Saved data entries:

§

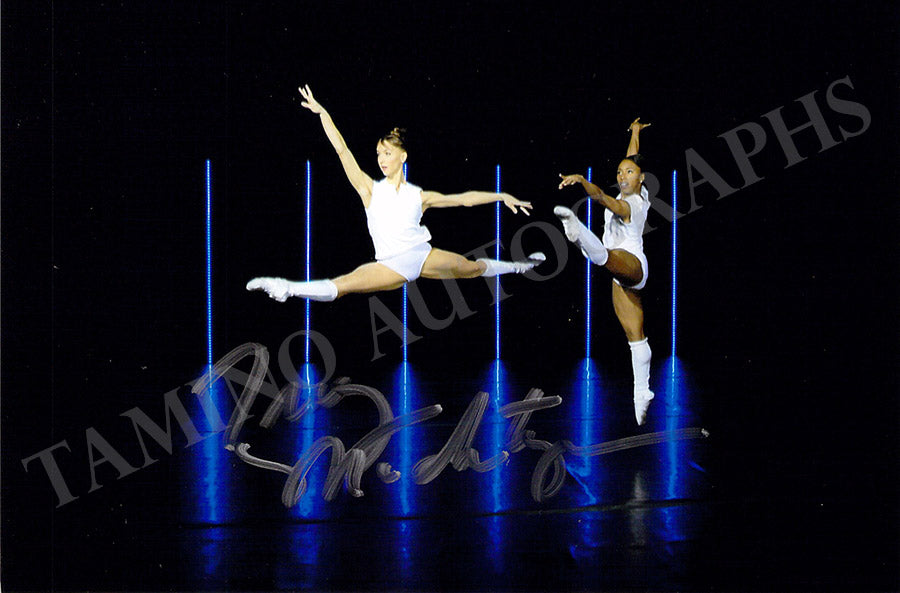 Fine color photograph of two female dancers in performance signed by him. Size is 5.9 x 4 inches, in excellent condition.
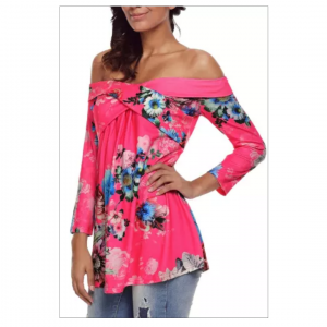 Rosy floral off shoulder crisscross top
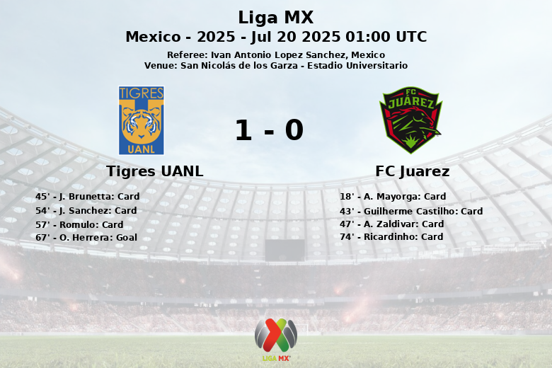 La seconde mi-temps a continué à un rythme similaire, avec l’ajout de cartons jaunes pour Zaldivar et Ricardinho pour Juárez, et Sanchez et Romulo pour Tigres. L’expulsion de Ricardinho à la 74e minute a encore compliqué les choses pour l’équipe frontalière. Finalement, à la 67e minute, Oscar Herrera a brisé l’égalité avec un but pour Tigres, sur une passe de J. Garza. Juárez, malgré ses efforts, n’a réussi à effectuer que 6 tirs, dont un seul cadré. Tigres, avec son avantage numérique et sa maîtrise du jeu, a assuré la victoire à domicile.
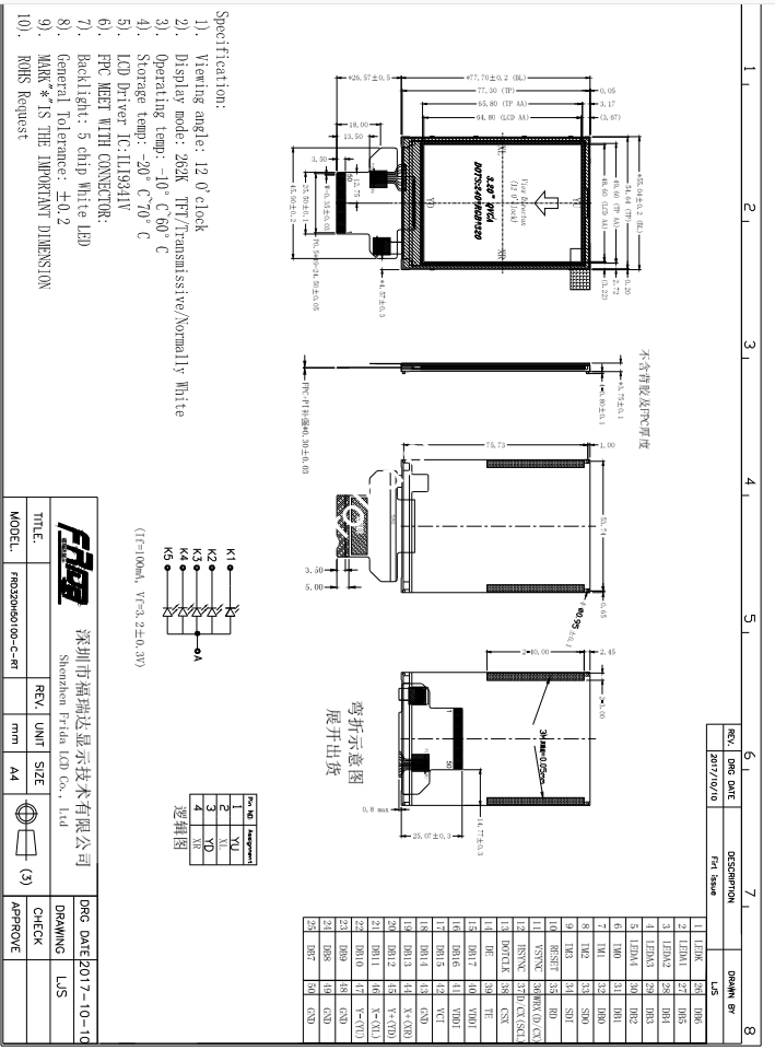 LED背光:白色高亮LED,四顆燈并聯(lián)
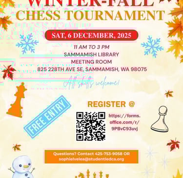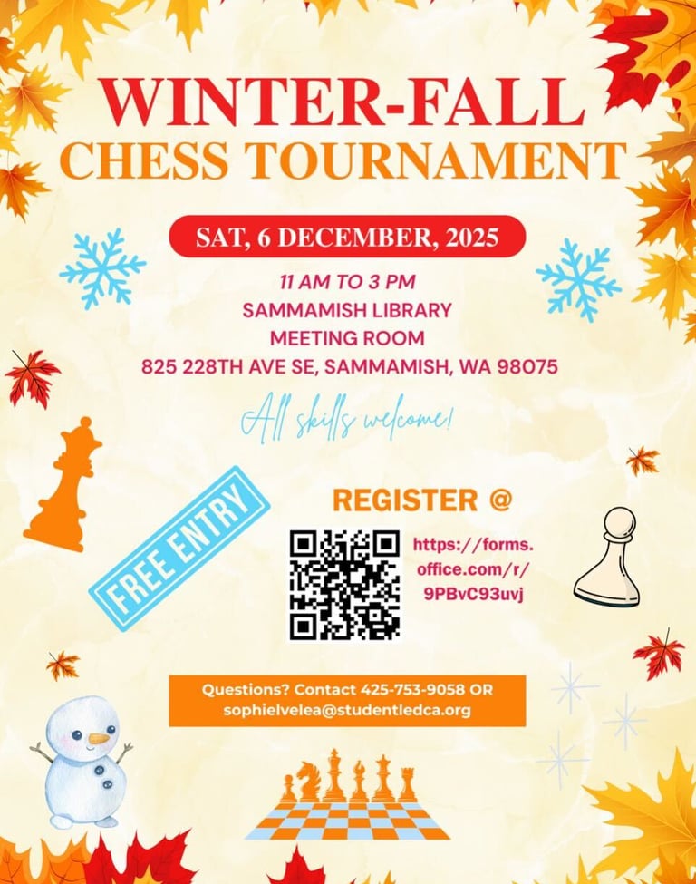 Washington State invites you to join them on Saturday, December 6th, for a 4-round tournament! This event will take place at the Sammamish Library from 11:00 AM to 3:00 PM.

§

[Work to be completed] Your copy must hold every record above in its exact wording and must hold no pictures.

[Solution]
 Fine color photograph of two female dancers in performance signed by him. Size is 5.9 x 4 inches, in excellent condition.
 Rosy floral off shoulder crisscross top
 La seconde mi-temps a continué à un rythme similaire, avec l’ajout de cartons jaunes pour Zaldivar et Ricardinho pour Juárez, et Sanchez et Romulo pour Tigres. L’expulsion de Ricardinho à la 74e minute a encore compliqué les choses pour l’équipe frontalière. Finalement, à la 67e minute, Oscar Herrera a brisé l’égalité avec un but pour Tigres, sur une passe de J. Garza. Juárez, malgré ses efforts, n’a réussi à effectuer que 6 tirs, dont un seul cadré. Tigres, avec son avantage numérique et sa maîtrise du jeu, a assuré la victoire à domicile.
 LED背光:白色高亮LED,四顆燈并聯(lián)
 Washington State invites you to join them on Saturday, December 6th, for a 4-round tournament! This event will take place at the Sammamish Library from 11:00 AM to 3:00 PM.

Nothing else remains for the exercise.